Method from the series “beauty requires sacrifice”: how many women died from experiments with mercury lotions, history, alas, is silent. Probably, there were a lot of them, since such a treatment was practiced not for a day or two, but for months, but in some European countries for years.

XNUMXth century: antibiotics

Antibiotics are undoubtedly one of the proven methods of fighting acne. However, modern scientific data show that bacteria, although one of, but far from the main cause of the appearance of acne, therefore, after a course of antibiotics, acne often recurs. In addition, with the wrong use of antibiotics, there is a risk of developing bacterial resistance – a phenomenon in which bacteria develop resistance to the action of an antibiotic, and over time its effect is reduced to zero.

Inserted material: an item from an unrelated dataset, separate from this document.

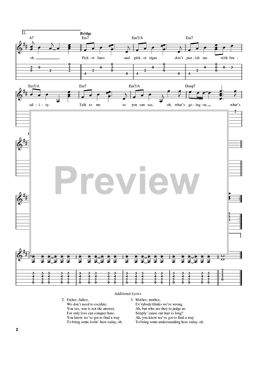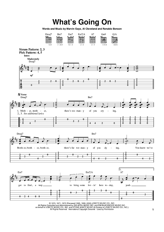 Digital Sheet Music for What's Going On by Marvin Gaye, Al Cleveland, Renaldo Benson, All Star Tribute scored for Easy Guitar; id:370221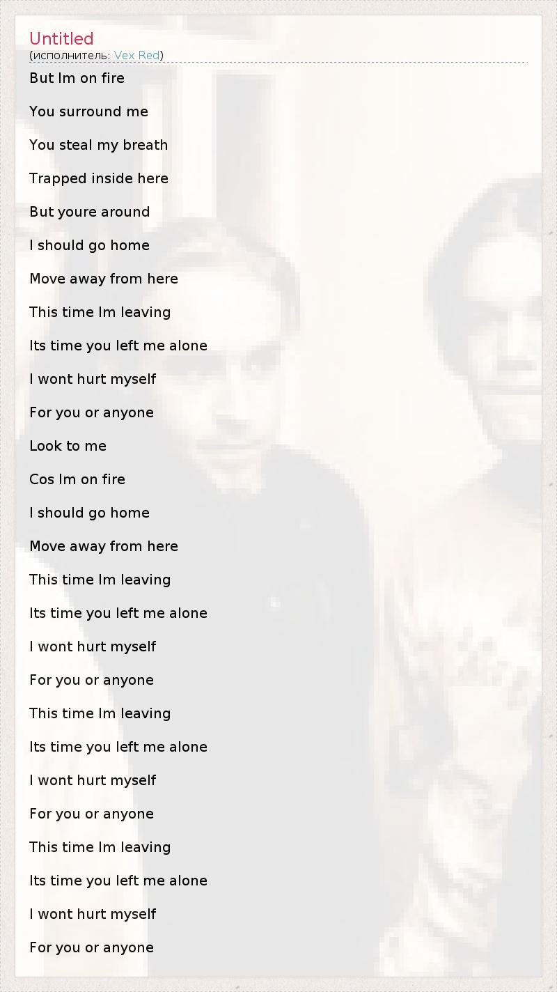 Это интересно:Состав:* Терри Эбботт - Вокал, Гитара (1999-2002).* Энтони "Энт" Форбс - Гитара, Клавишные (1995-2002).* Ник Голдинг - Гитара, Бас-гитара (1995-2002).* Кит Ламберт - Бас-гитара, Клавишные, Программирование (1995-2002).* Бен Калверт - Ударные (1995-2002).Бывшие участники:* Син Бэкингхэм - Вокал (1995-1998).* Эшли "Эш" Соэн - Ударные (2001-2002).Vex Red - Английская рок-группа, квинтет основанный в 1995 году... продолжение

That is why modern standards prescribe to limit the use of antibiotics in the treatment of acne in a short course, and also prescribe not to use them as monotherapy, but to add to them drugs that affect not only bacteria, but also other causes of acne (disruption of the formation of skin cells, which leads to blockage of pores, increased production of sebum and the appearance of inflammation due to bacterial activity in the clogged sebaceous hair follicle, provided there is a nutrient medium – the very sebum).

The more comprehensive and multifactorial your acne arsenal is, the better. For example, a remedy for acne Skinoren® acts immediately on three causes of acne: it normalizes the processes of keratinization of the skin, reducing the clogging of pores, fights bacteria, while not being an antibiotic, and relieves inflammation and redness. In addition, it can be used during active solar periods in conjunction with decorative and care cosmetics, as well as during pregnancy and breastfeeding (after consulting a doctor).